Secondary analyses of the ESSENCE trial were presented at the American Association for the Study of Liver Diseases (AASLD), The Liver Meeting^® 2025
Across a spectrum of weight loss thresholds, a post hoc analysis showed Wegovy^® (semaglutide 2.4 mg) injection was associated with resolution in liver injury, while improvements in liver scarring trended to favor semaglutide 2.4 mg¹
An additional secondary analysis found that semaglutide 2.4 mg, when compared to placebo, showed improvements in both liver injury and in liver scarring across various ages, genders, races, and ethnicities²

BAGSVÆRD, Denmark & PLAINSBORO, N.J., Nov. 10, 2025 /PRNewswire/ -- Novo Nordisk today presented data at the 76^th annual American Association for the Study of Liver Diseases (AASLD) meeting, The Liver Meeting^® 2025, in Washington, D.C., evaluating the effects of semaglutide 2.4 mg in people with metabolic dysfunction-associated steatohepatitis (MASH) and moderate-to-advanced liver scarring (fibrosis). Results from a post hoc analysis of the ESSENCE phase 3 trial showed semaglutide 2.4 mg was associated with reduction in liver injury (steatohepatitis) in adults with MASH even at low levels of weight loss.¹

"These data suggest that the effects of semaglutide 2.4 mg in this study may not be solely dependent on weight loss and provide important insights into the clinical effects of semaglutide 2.4 mg in people living with MASH," said Professor Philip Newsome, MBChB, PhD, co-chief investigator and director of Roger Williams Institute of Liver Studies, King's College Hospital and King's College London. "These data add new layers to our understanding of MASH, which is often accompanied by other systemic conditions, including cardiometabolic disorders."
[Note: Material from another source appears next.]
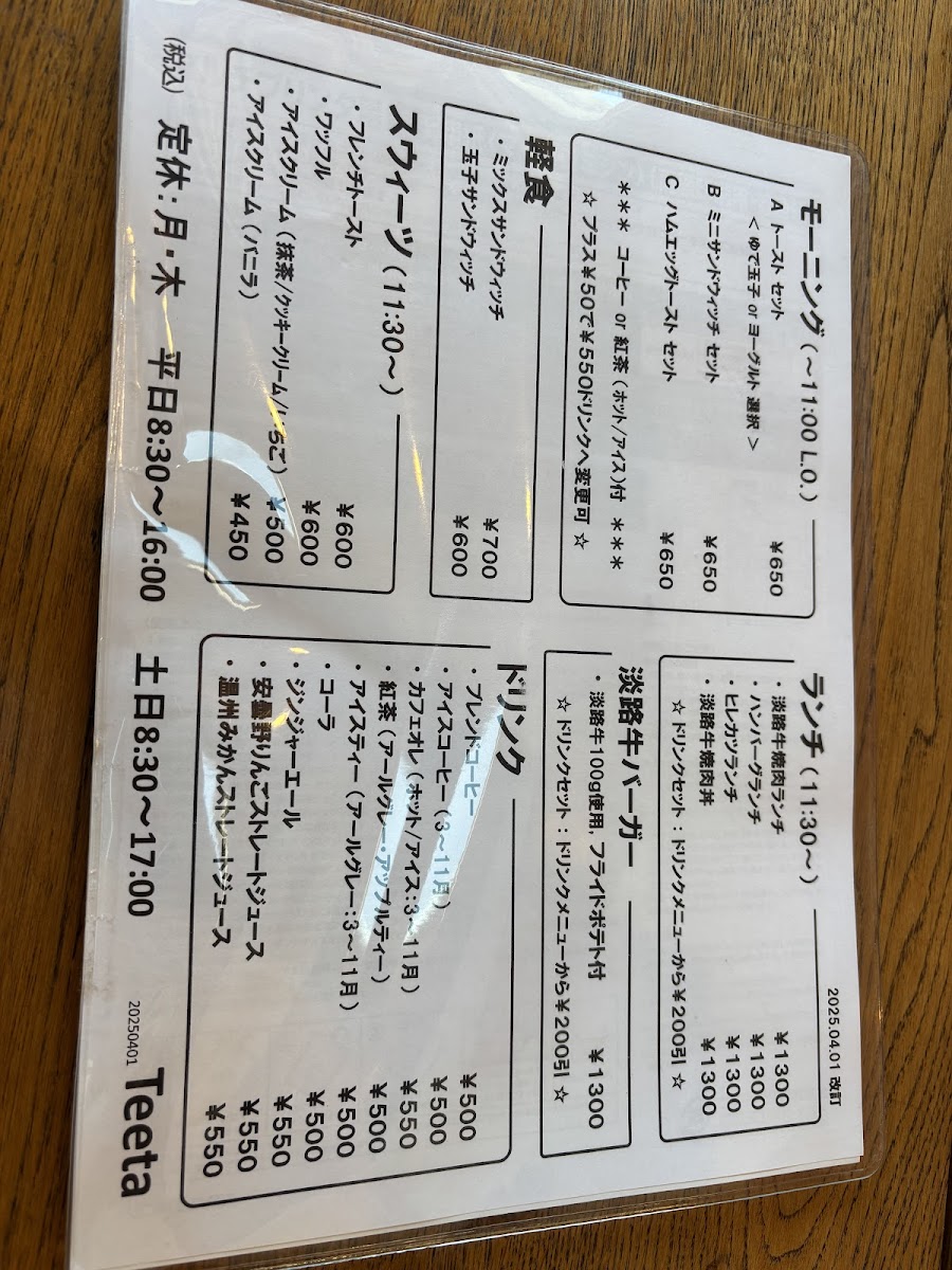 Welcome to Teeta, a charming café nestled on a hillside in Minamiawaji, Hyogo, where stunning ocean views await. This cozy spot is perfect for those seeking a tranquil retreat away from typical tourist hotspots. The menu features delectable offerings, including their signature 淡路牛バーガー, crafted with thinly sliced, juicy Awaji beef that delivers a unique savory experience. Diners rave about the fluffy burger buns and crispy fries that accompany their meals.

This post hoc analysis of the ESSENCE trial evaluated the first 800 randomized patients at 72 weeks. Histological and non-invasive testing (NIT)–related treatment responses were evaluated according to specific weight loss thresholds (≤2%, ≤5%, ≤7%, >7%).¹ Steatohepatitis-related NITs improved in all groups receiving semaglutide 2.4 mg, with the greatest treatment effect observed for alanine aminotransaminase (ALT) in patients with weight loss of ≤7%. In this subgroup, patients receiving semaglutide 2.4 mg showed a greater mean absolute change in ALT from baseline to Week 72 when compared to those receiving placebo (ETR* 0.75, 95% CI 0.68, 0.82).^1,3

For histological endpoints, semaglutide 2.4 mg, when compared to placebo, was associated with resolution in liver injury across a spectrum of weight loss thresholds, including low levels of weight loss (≤2%). In this subgroup, 48.4% of patients receiving semaglutide 2.4 mg showed improvement in the resolution of the liver injury endpoint compared to 25.8% of patients receiving placebo (EDP^* 21.7, 95% CI 4.9, 38.4). Results from the improvement in liver scarring endpoint trended to favor semaglutide 2.4 mg across weight thresholds when compared to placebo, with an improvement in liver scarring observed in 27.2% of patients receiving semaglutide 2.4 mg versus in 18.3% of those receiving placebo within the ≤2% subgroup (EDP^* 8.3, 95% CI -6.1, 22.9).³

"MASH impacts over 250 million people worldwide and can progress to irreversible liver scarring and liver failure," said Martin Holst Lange, chief scientific officer and executive vice president of Research & Development at Novo Nordisk. "Today's results suggest that even at low levels of weight loss, people with MASH receiving semaglutide 2.4 mg had greater improvements in liver health parameters than those receiving placebo."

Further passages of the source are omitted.